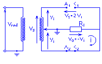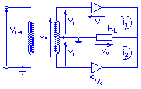 El circuito de la figura es un rectificador con dos diodos. Cada diodo se encuentra polarizado de modo distinto para cada semionda de la señal de alimentación, ya que las diferencias de potencial a las que están sometidos son de signo contrario; por tanto uno se encontrará polarizado inversamente y el otro directamente. La tensión de entrada (Vi) es la mitad de la tensión del secundario del transformador.
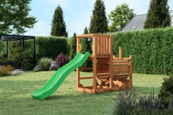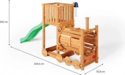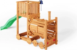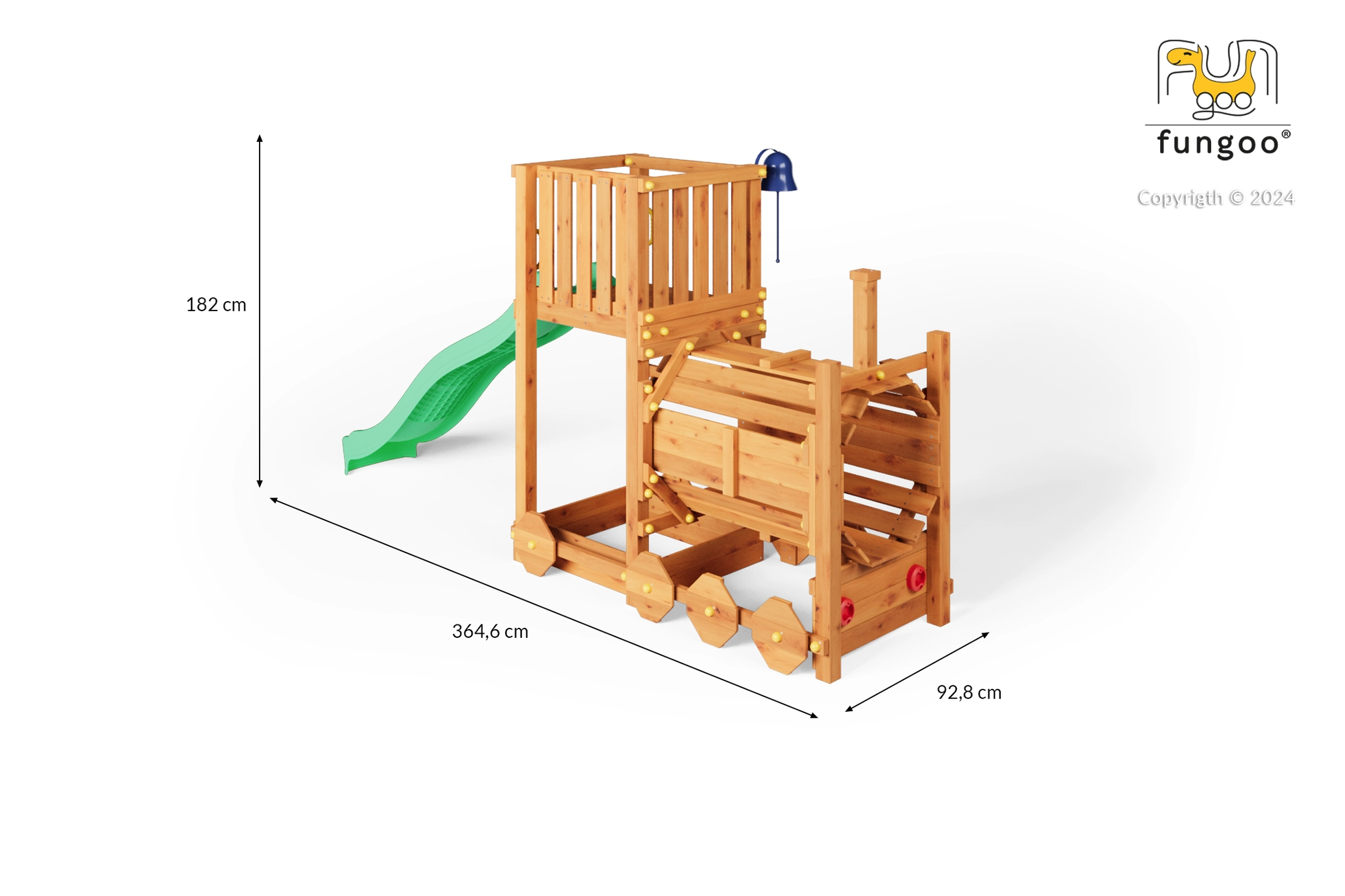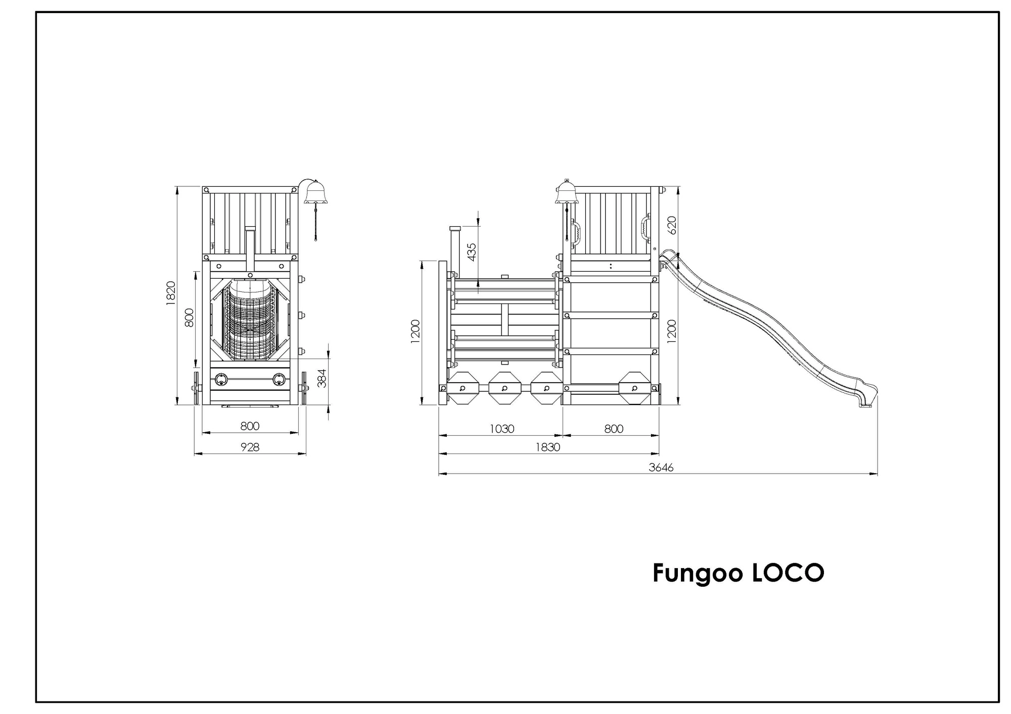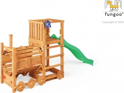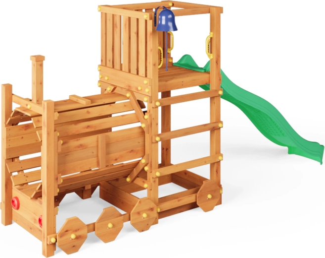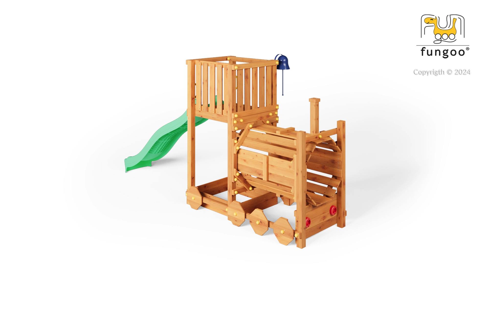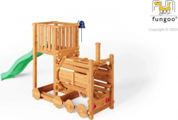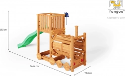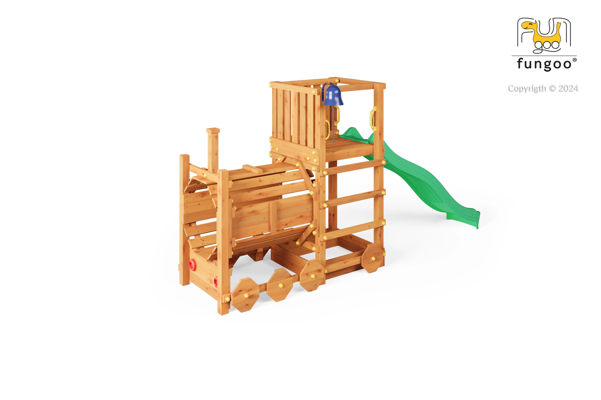 Ihrisko FUNGOO Loco je navrhnuté ako lokomotíva s tunelom, ktorá láka na lezenie, schovávanie aj role-play na rušňovodiča. Dlhá vlnitá šmykľavka 2,2 m zaistí množstvo zábavných jázd, zatiaľ čo zvonček podporí detskú predstavivosť a interaktívnu hru. Konštrukcia z kvalitného, impregnovaného dreva je odolná voči počasiu a bezpečne ukotvená do zeme.
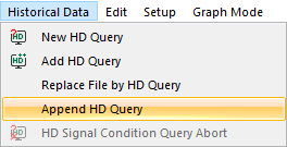 To append a query, select Append HD Query in the Historical Data menu or in the context menu of the signal tree.
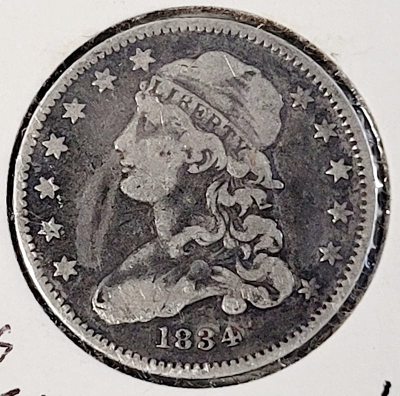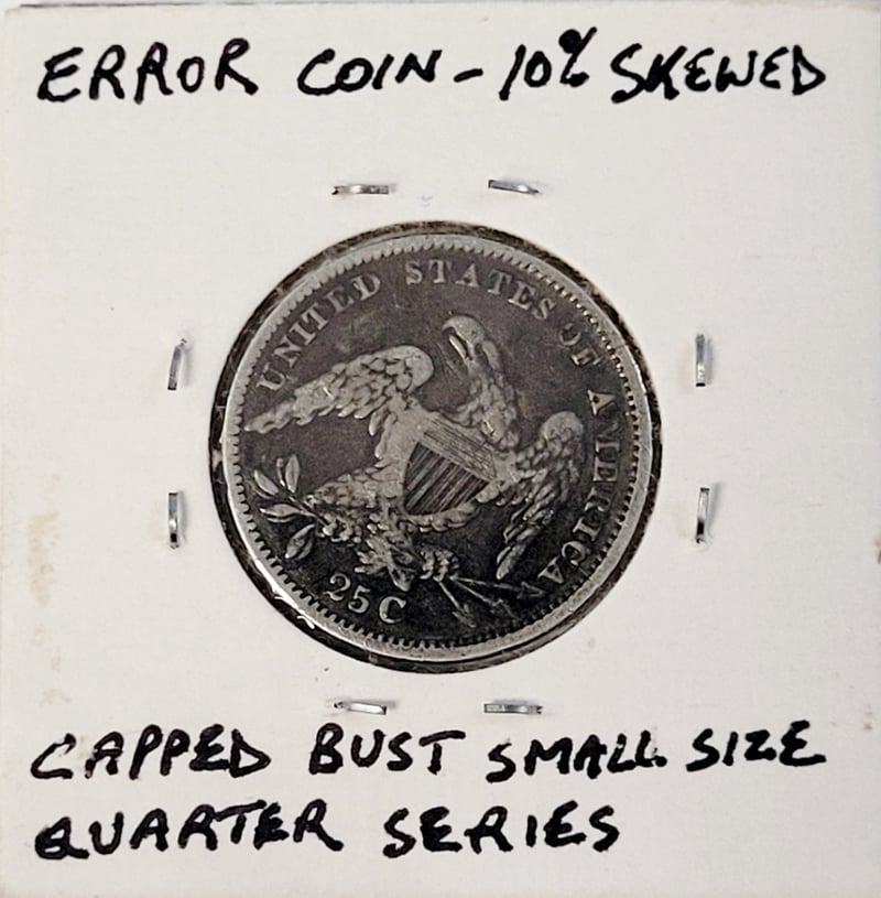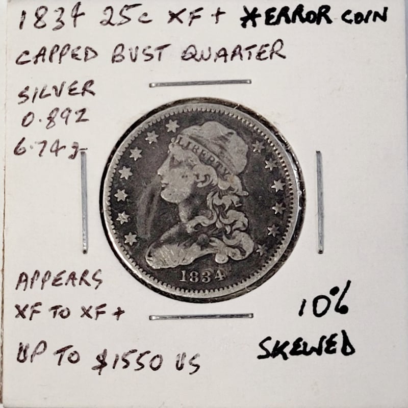 1834 CAPPED BUST SMALL SIZE QUARTER " ERROR COIN -10% SKEWED EAGLE" - HIGH GRADE
* * *
• [WHAT THIS TASK INVOLVES]
Please write out, exactly, every line from the line with "Ihrisko FUNGOO Loco" through the final line of the data above, leaving out pictures.

• [RESULT FOR THIS TASK]
 Ihrisko FUNGOO Loco je navrhnuté ako lokomotíva s tunelom, ktorá láka na lezenie, schovávanie aj role-play na rušňovodiča. Dlhá vlnitá šmykľavka 2,2 m zaistí množstvo zábavných jázd, zatiaľ čo zvonček podporí detskú predstavivosť a interaktívnu hru. Konštrukcia z kvalitného, impregnovaného dreva je odolná voči počasiu a bezpečne ukotvená do zeme.
 To append a query, select Append HD Query in the Historical Data menu or in the context menu of the signal tree.
 1834 CAPPED BUST SMALL SIZE QUARTER " ERROR COIN -10% SKEWED EAGLE" - HIGH GRADE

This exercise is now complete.